What needs to be done: After finding the line with "Left: A recently" in the data below, set down exactly each line through the one with "森马连衣裙女夏不规则拼接木耳边泡泡袖收腰优雅气质设计感中长裙", inclusive, and stop there.

[[ Data records, beginning ]]

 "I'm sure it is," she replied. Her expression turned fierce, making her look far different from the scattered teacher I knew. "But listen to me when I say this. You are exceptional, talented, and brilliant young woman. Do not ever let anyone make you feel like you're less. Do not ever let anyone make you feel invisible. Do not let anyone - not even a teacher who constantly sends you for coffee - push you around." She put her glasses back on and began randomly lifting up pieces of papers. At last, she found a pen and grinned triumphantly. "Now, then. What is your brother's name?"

[[ Data records, end ]]
[[ Data records, beginning ]]

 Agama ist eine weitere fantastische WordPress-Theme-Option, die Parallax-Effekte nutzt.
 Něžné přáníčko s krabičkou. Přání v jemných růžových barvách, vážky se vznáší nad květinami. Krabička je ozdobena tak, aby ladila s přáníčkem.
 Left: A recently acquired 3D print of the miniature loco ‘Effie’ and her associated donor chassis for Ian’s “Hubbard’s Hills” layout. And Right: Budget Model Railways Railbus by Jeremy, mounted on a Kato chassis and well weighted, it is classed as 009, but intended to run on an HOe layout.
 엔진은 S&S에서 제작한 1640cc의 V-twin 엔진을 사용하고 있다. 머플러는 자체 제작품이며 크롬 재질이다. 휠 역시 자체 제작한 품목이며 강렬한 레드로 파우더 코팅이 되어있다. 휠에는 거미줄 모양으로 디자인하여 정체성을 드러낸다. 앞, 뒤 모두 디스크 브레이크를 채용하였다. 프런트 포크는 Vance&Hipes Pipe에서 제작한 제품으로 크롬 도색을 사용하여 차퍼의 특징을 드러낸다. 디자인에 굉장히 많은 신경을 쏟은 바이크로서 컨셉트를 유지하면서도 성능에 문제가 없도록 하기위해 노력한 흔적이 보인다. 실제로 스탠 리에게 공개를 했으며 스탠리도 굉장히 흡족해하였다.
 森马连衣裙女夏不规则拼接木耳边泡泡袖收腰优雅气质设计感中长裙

[[ Data records, end ]]
[[ Data records, beginning ]]

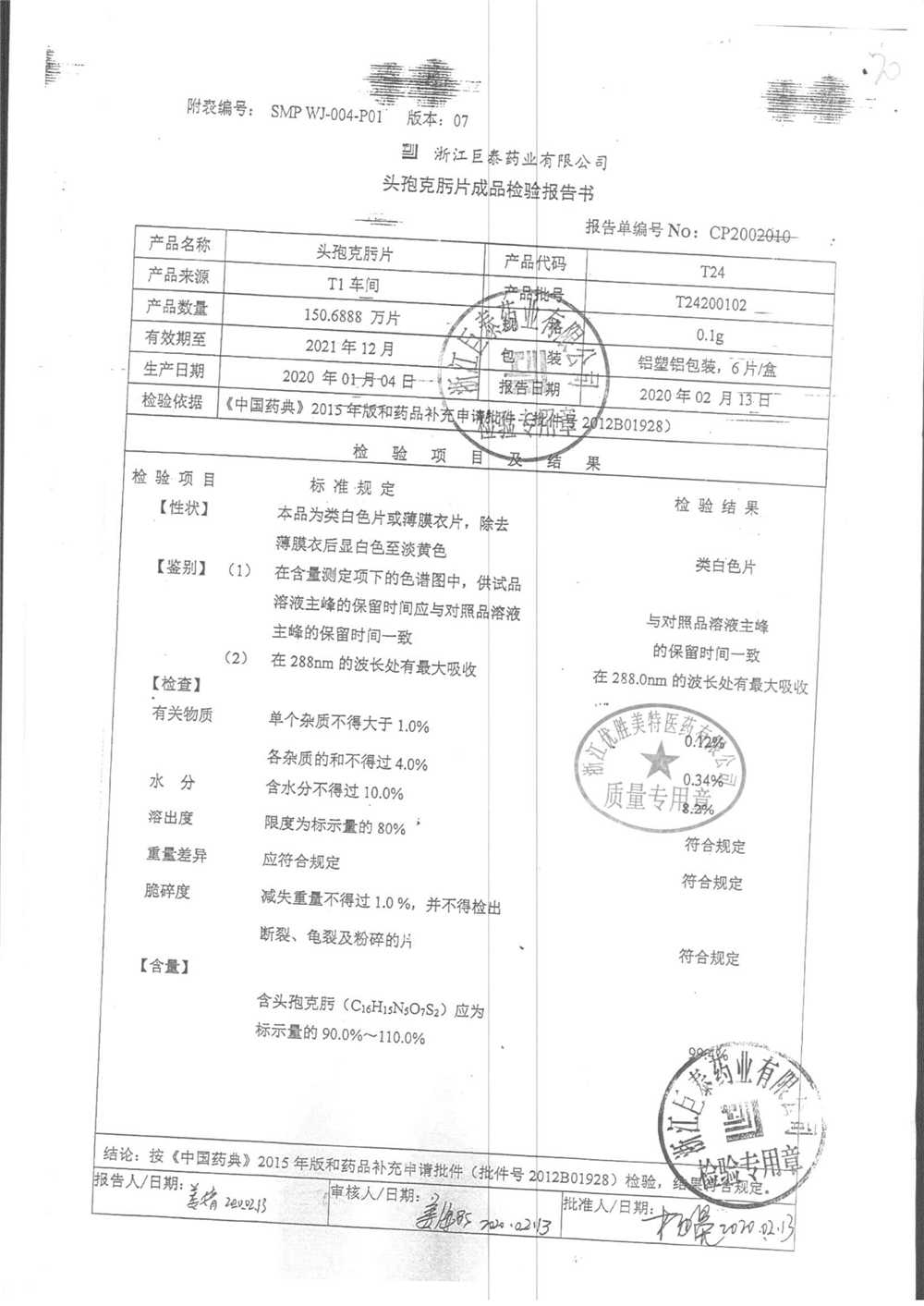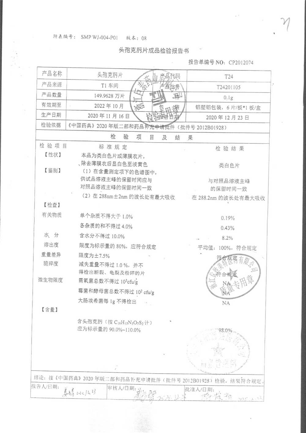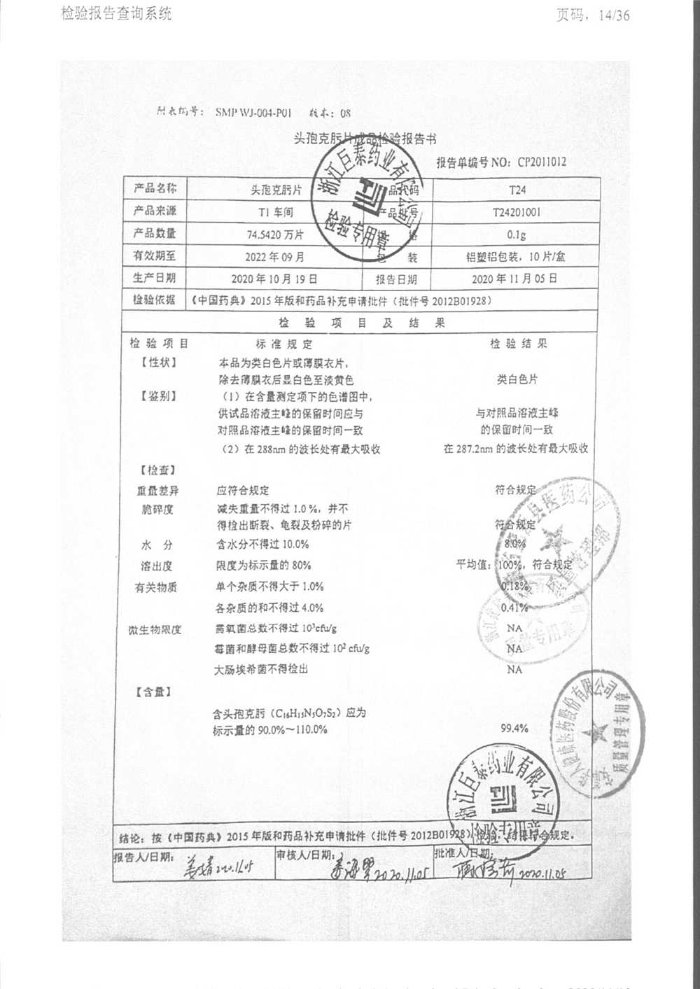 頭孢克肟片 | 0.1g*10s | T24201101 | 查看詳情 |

[[ Data records, end ]]

Expected output:
 Left: A recently acquired 3D print of the miniature loco ‘Effie’ and her associated donor chassis for Ian’s “Hubbard’s Hills” layout. And Right: Budget Model Railways Railbus by Jeremy, mounted on a Kato chassis and well weighted, it is classed as 009, but intended to run on an HOe layout.
 엔진은 S&S에서 제작한 1640cc의 V-twin 엔진을 사용하고 있다. 머플러는 자체 제작품이며 크롬 재질이다. 휠 역시 자체 제작한 품목이며 강렬한 레드로 파우더 코팅이 되어있다. 휠에는 거미줄 모양으로 디자인하여 정체성을 드러낸다. 앞, 뒤 모두 디스크 브레이크를 채용하였다. 프런트 포크는 Vance&Hipes Pipe에서 제작한 제품으로 크롬 도색을 사용하여 차퍼의 특징을 드러낸다. 디자인에 굉장히 많은 신경을 쏟은 바이크로서 컨셉트를 유지하면서도 성능에 문제가 없도록 하기위해 노력한 흔적이 보인다. 실제로 스탠 리에게 공개를 했으며 스탠리도 굉장히 흡족해하였다.
 森马连衣裙女夏不规则拼接木耳边泡泡袖收腰优雅气质设计感中长裙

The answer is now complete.